2016 EULRA recommendationにおいて、MTX-IRでは予後不良因子があれば、bDMARDもしくはJAK阻害薬が推奨されている。ADACT studyでは、MTX-intolerance においてTCZがADAよりも有効性が高いことが示された。日本のSURPRISE studyでは、MTX-IRに対して、TCZをadd-on群とTCZへのswitch群で比較すると、6ヶ月後の寛解はadd-onで70%、awitchで55%。1年ではこの差がなくなりキャッチアップされる。mTSSで見ると、構造的寛解は66%と64%、悪化したCRRPは7%と15%であり、add-onの方が構造的かんかんを達成しやすい。しかし、副作用はadd-on群の方がawitch群よりも多く、MTXを中止する方が安全性は高い。以上から、MTX-IRでは、6ヶ月間はTCZ+MTXで治療し、寛解が導入されればMTXを中止するのがよいと思われる。csDMARDが併用できない患者でのバイオは、IL-6阻害薬とJAC阻害薬がアドバンテージがある。TNF-failureに対する次のバイオは?2ndバイオは、TNF製剤よりも、non-TNF製剤の方が有効性が高い。現時点での第一DMARDは?U-Act-Eary studyでは、80-90%が感慨に導入され、TCZ+MTX、TCZ単独は、MTX単独よりも有効性が高い。TCZ単独は、TCZ+MTXとほぼ同等である。医療経済を考えなければ、全例バイオでスタートするのがベスト。

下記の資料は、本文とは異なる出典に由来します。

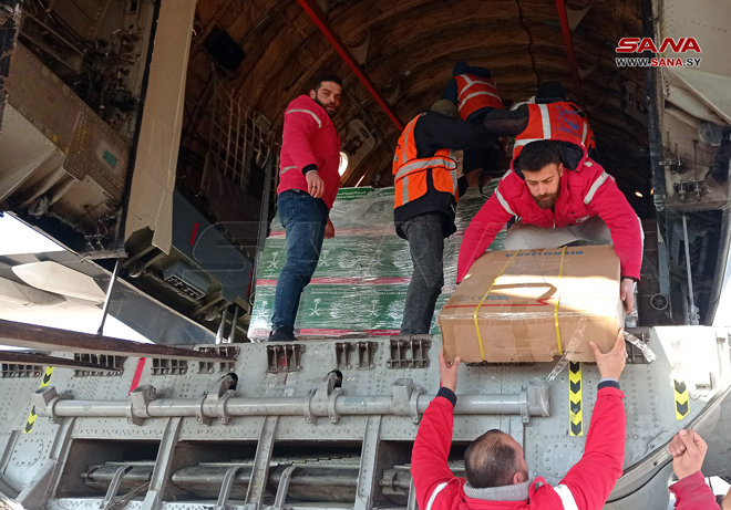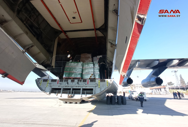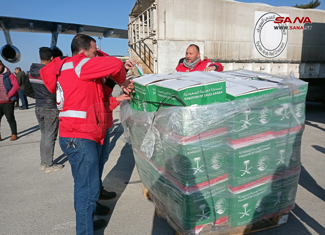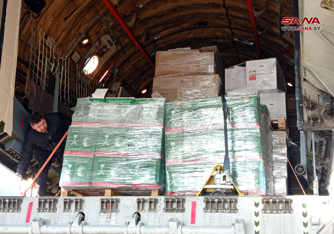 Alep –SANA/Un avion saoudien transportant des aides de secours pour les sinistrés par le tremblement de terre est arrivé aujourd’hui à l’aéroport international d’Alep.
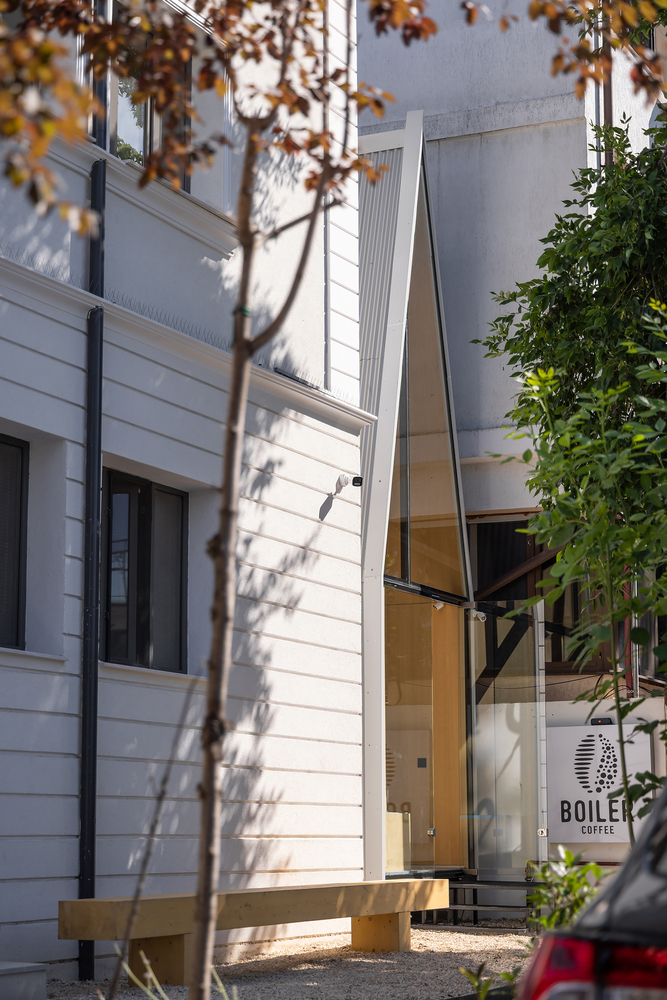 材料与制造:我们选择了轻便且精准的钢结构,以便快速组装。外立面以高性能、低辐射的三层玻璃为主,确保了透明度并产生棱镜效果。室内采用浅色木材饰面,传递出温暖感,并与外部形成一种修道院般的对比。场外预制:大部分结构采用场外预制方式,以加快组装速度、减少对环境的影响,并在受限的城市环境中降低浪费。

Next Symposium 2016 in Kobeに参加して

10月6日神戸で開催されました上記講演会に参加しました

高齢化社会とPPI 適切な軟分泌のコントロールを求めて

GERDは年齢とともに増加しており、ピロリ菌感染の減少に伴い、潰瘍が減少しGERDが増加している。GERD治療の目的は、症状のコントロールとQOLの改善である。GERD治療のフローチャートでは治療はPPIが中心であるが、H2RAでは50%しか改善しないのに対してPPIでは90%改善する報告があるためである。GERDはPPIを中止すると6ヶ月で約90%が再発する。なぜ再発するのか?胃酸分泌亢進、下部食道括約筋機能低下、食道クリアランスなどの因子は個人によって特有のものであり、簡単には変わらないため再発する。そのため、生活習慣の改善をすることによって改善が期待できる。GERDのgradeは約70%は変化しない。PPIを服用すると約80%は再発を予防できる。間欠療法では、50%程しかコントロールできない。日本人は軽症GERDが約90%であり、GERDの重症度と症状はあまり相関しない。GERDよりNERDの方が多く、内視鏡所見よりも症状のコントロールが重要である。再発しやすいGERDは、HP陰性、若年者、肥満、腹痛の存在、5年以上持続しているがあり、項目が多いほど再発しやすい。長期の酸分泌抑制が必要となる病態は、GERDと低容量アスピリンもしくはNDAID服用である。NSAIDは、PGE2を阻害することにより、粘膜障害をきたし胃酸分泌亢進をきたすため、HP陽性でNSAID服用すると、HP陰性の健常人より約60倍胃潰瘍になりやすい。ACS治療において、消化管出血をきたすと生命予後が悪くなる。消化性潰瘍による死亡は年々減少しているが、1990年以降は横ばいであり、高齢化によりアスピリン低容量やNSAID服用者が増加していることによる。NSAI服用すると1年間で30%に胃潰瘍が出現し、PPIを服用すると発生が4%に減らせる。低容量アスピリンでは、1年間に20%に胃潰瘍が出現し、PPIにて発生は0%に減らせる。1970年と1990年を比較すると酸分泌能は上昇しているが、その後は横ばいである。GERDは生命を脅かす疾患ではなく、安全性が最も重要である。PPIを長期間服用することによる副作用としては、胃酸を抑制することによる副作用があり注意が必要。